On November 18, Prime Minister Shinzo Abe called a snap election. He will dissolve the House of Representatives, the lower house of the National Diet, on November 21, and hold the election on December 14.
At the same time, he pledged that he would postpone the consumption tax hike from 8 to 10 percent scheduled in October 2015 to April 2017. (his speech was broadcast on TV and the link is here, although it’s in Japanese).
As the quarterly estimate of Japan’s GDP for July to September shows, the real growth rate is shrinking by an annualized rate of 1.6%. This is the second consecutive contraction, which means Japan is technically in recession.
The opposition parties and the media are now blaming Abenomics as the cause of recession, so he has to defend it vehemently.
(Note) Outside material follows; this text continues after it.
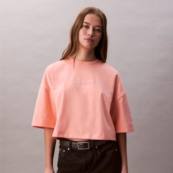 Calvin Klein Jeans Boxy Cropped Logo T-Shirt in Powder Orange
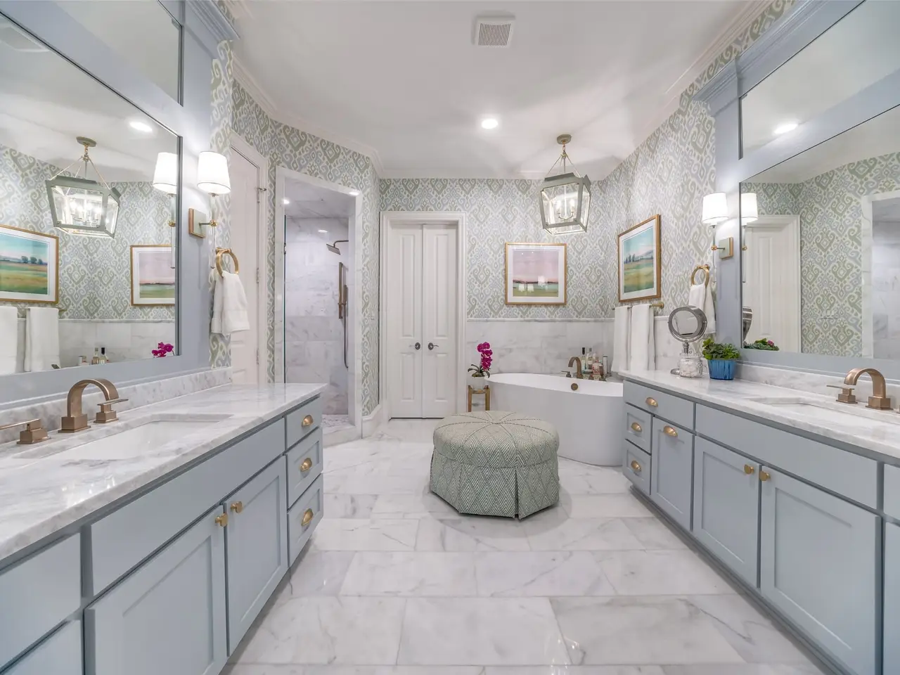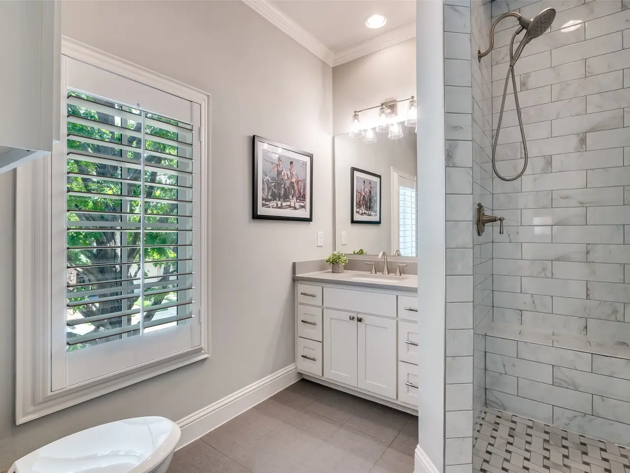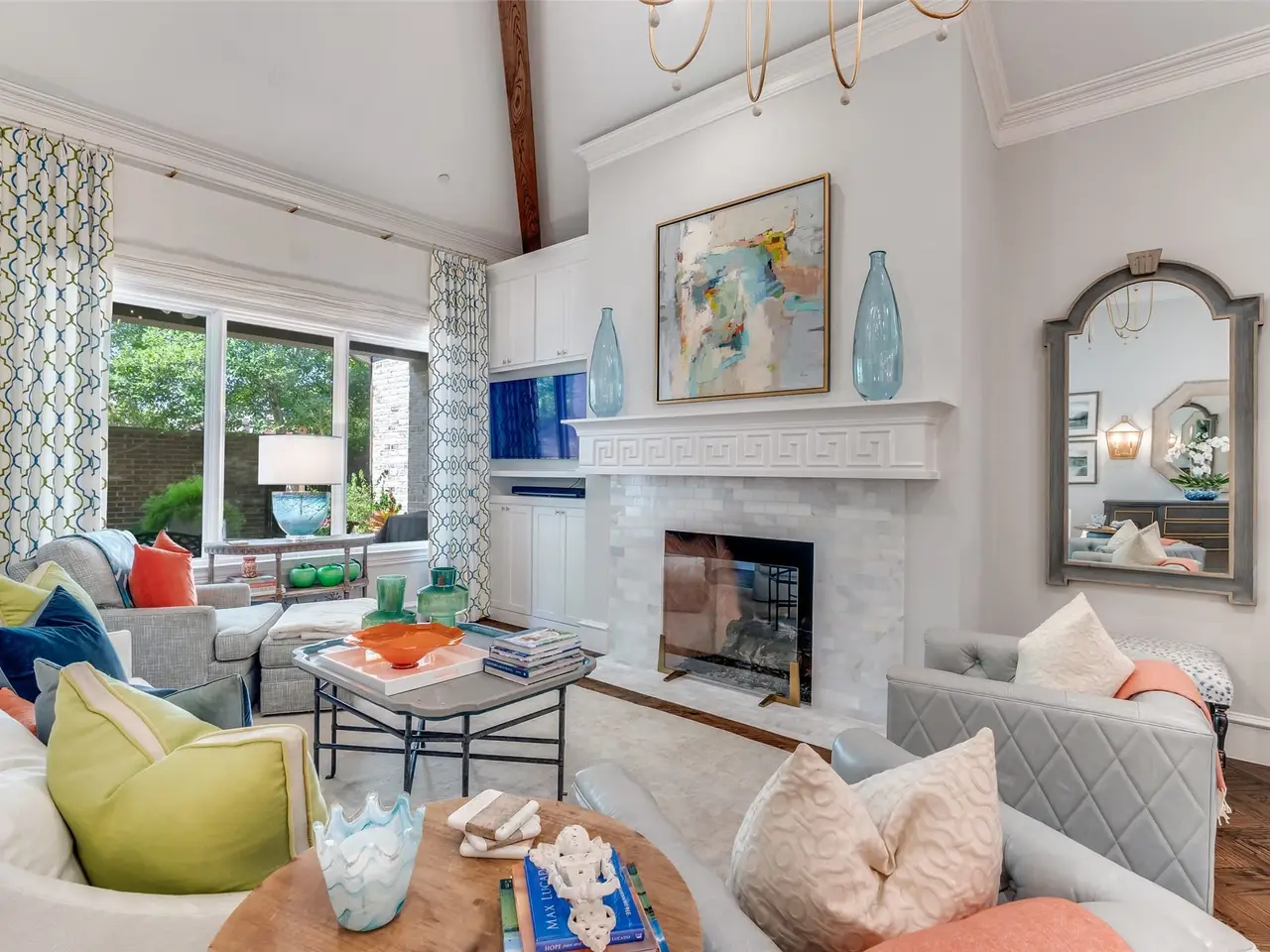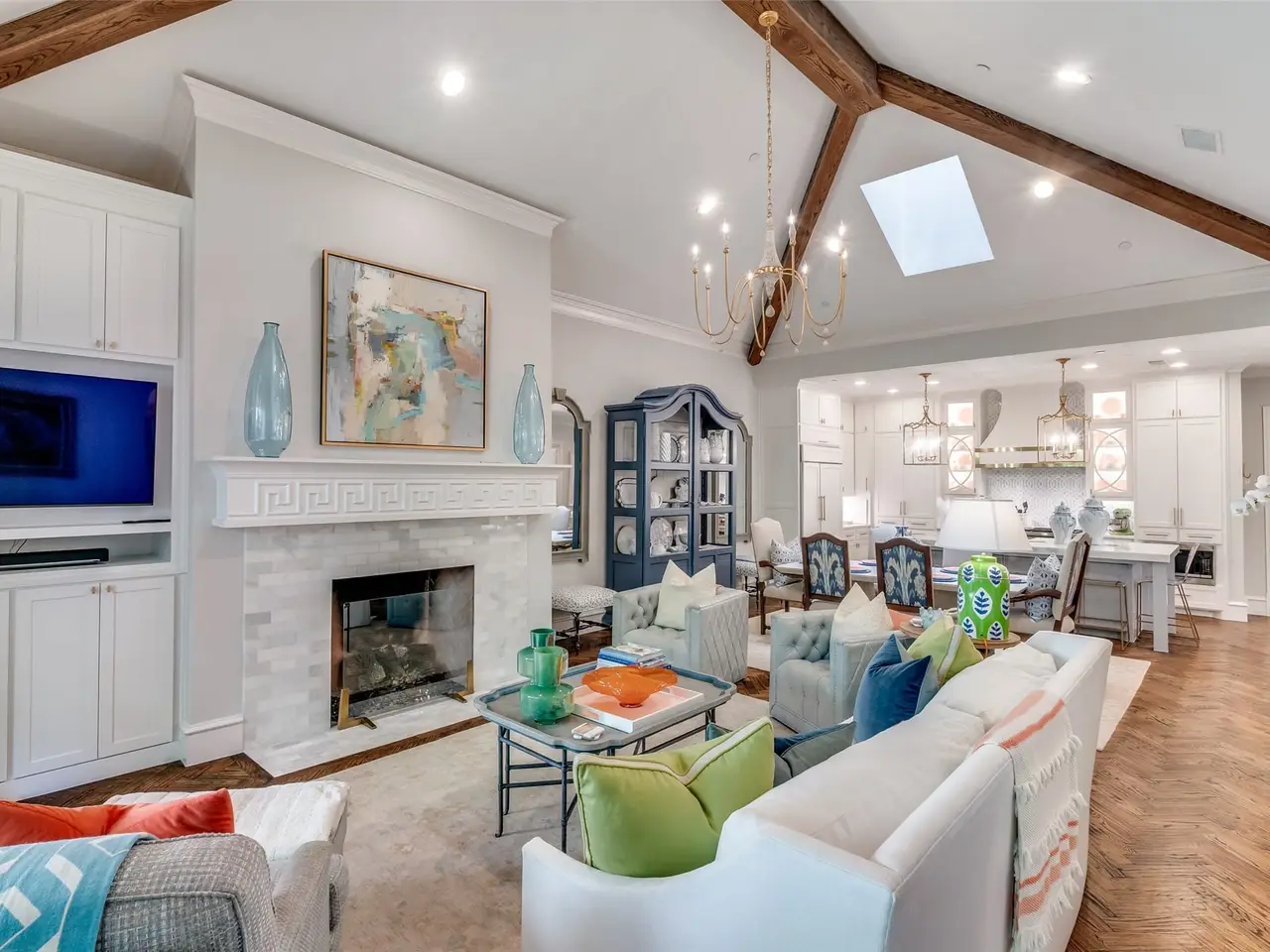 This custom, designer-owned home is nestled in the coveted Willow Bend community. Every room has been thoughtfully renovated (see full list in supplements). Step inside to find real hardwood herringbone flooring throughout the foyer, kitchen, dining room, family room, and primary suite. The staircase, upstairs landing, and hallway are also finished in hardwood. The foyer is highlighted by a custom arched coat closet armoire, setting the sophisticated design tone throughout. The powder bath features marble counters, Thibaut wallpaper, Julie Neill lighting, and a designer antiqued mirror—just steps from the laundry room accented with whimsical Lee Jofa wallpaper. The open kitchen boasts a massive nine-foot island with breakfast bar seating for five, Dolomite counters, Wolf 48-inch gas range, Sub-Zero refrigerator, Asko dishwasher, under-counter KitchenAid microwave, marble waterjet backsplash, two appliance garages, pull-out drawers, brushed gold hardware, custom hood with brass accents, LED lighting in seeded glass cabinets, and Visual Comfort lanterns. A wet bar with wine fridge and butler’s pantry makes entertaining effortless. The family room, open to the kitchen, features beamed ceilings, a large Gabby chandelier with sconces, a grand fireplace, and a wall of windows overlooking the backyard with stone-edged flower beds and a turf lawn for low-maintenance living. The primary suite offers a dreamy marble bath with oversized vanities, standalone soaking tub, Schumacher wallpaper, brushed gold plumbing, and custom designer finishes. Upstairs includes two bedrooms, each with ensuite baths, quartz vanities, and walk-in closets. A large media room with kitchenette and walk-in floored attic access is located off the landing, next to a built-in desk area and half bath. The two-car garage features epoxy floors, overhead storage, and wall-mounted organization. This lavish designer property is fully remodeled and move-in ready. Schedule a showing today!

Yet in fact employment figures are better than ever, with lower unemployment rate and higher ratio of jobs to job seekers.
After he defended the record of Abenomics, the prime minister blamed the tax hike implemented on April for dampening consumption expenditure, and threatening Japan’s chance of getting out of deflation, the primary goal of Abenomics.
Nominal wages have been increasing, but real wages have been falling due to the rise of consumption tax: 3 percent increase in taxes pushes up prices by about 2 percent.
The Consumption Tax Law of 2012 has an article 18 in its appendix. According to this so-called economic conditions article, the government is obliged to implement policies to maintain the nominal growth rate of 3 percent and the real growth rate of 2 percent on average from fiscal year 2011 to 2020. Invoking the article, the prime minister decided to postpone the next increase in consumption tax scheduled on October 2015 to April 2017.
But in the same speech, Mr. Abe also stressed that when the tax increase is eventually implemented in 2017, the economic conditions article would not be invoked again. That essentially means article 18 would be removed when, per the requirement of the legislative procedure, a new law to delay the tax hike is submitted. This was intended to show the government’s commitment to fiscal consolidation to the investors.
But why couldn’t Mr. Abe postpone the next consumption tax hike without going to a general election? Especially when the LDP and its coalition partner, New Komeito Pary, have a comfortable majority in both Upper and Lower Houses of the Diet? Here comes the intricate aspect of Japanese politics.
The current schedule of consumption tax hike was decided in the Summer of 2012 by three parties: the then governing Democratic Party of Japan (DPJ), the LDP, and the New Komeito Party. The DPJ decided to raise the tax even though it was not part of its policy manifesto for the 2009 election, and suffered a devastating defeat in the last general election in December 2012.
Abe was not happy with this deal to begin with. When he ran for and won the LDP leadership election, it was upsetting for the party establishment since Abe was reluctant to keep the three party consensus.
In the last election of 2012, the LDP pledged to keep the promise of raising consumption tax, and there are many politicians in LDP who believe that the party should stick to it. Surrounded by fiscal hawks in the LDP, the prime minister is an exception in worrying about the economic consequences of the tax increase.
He does not have full backing of his own party members on the issue of delaying the consumption tax hike. This is partly the reason why he decided to go ahead with the hike last October. He has to resort to election to win his own party’s backing.
There is also a rather shrewd political calculation: the opposition parties are unprepared for an election. The DPJ, the largest opposition party, has not yet decided half of its electoral candidates. Most of the other smaller parties may not survive the next election, thanks to Japan’s electoral system which favors bigger parties.
Furthermore, the oppositions have not yet come up with a better alternative to Abenomics. As a party comprised of diverse political and economic views, the DPJ has no coherent economic policy package to match Abenomics.
Certainly Abe has averted another disaster of raising the consumption tax for the time being, but there are two worrying aspects about this deal.
First, the prime minister is facing a general election when the economy is in recession. This is not an easy battle even with ill-prepared opposition parties. As much as he wishes to distance himself from the consumption tax hike, the hike took place during his term anyways and is therefore easily seen as his mistake. If he fails to convince the public that Abenomics is working, it would be the end of Abenomics.
Secondly, by pledging to remove the economic conditions article from the original law, he has committed to the future tax increase from 8 to 10 percent in April 2017, no matter what. In a follow-up interview, he somehow modified what this might mean, saying he would postpone the consumption tax hike if a crisis in the magnitude of Lehman Shock-type global financial crisis happens.
But committing to a future tax increase now is not the best economic policy: he should have kept the economic conditions article, or should have strengthened his commitment to reflationary policy. For example, the government and the BOJ could agree on targeting the nominal growth rate of three to four percent.
If he wins, Abe will buy about two and half years of time to pursue Abenomics, but would it be enough? The future of Abenomics and Japan is still up in the air.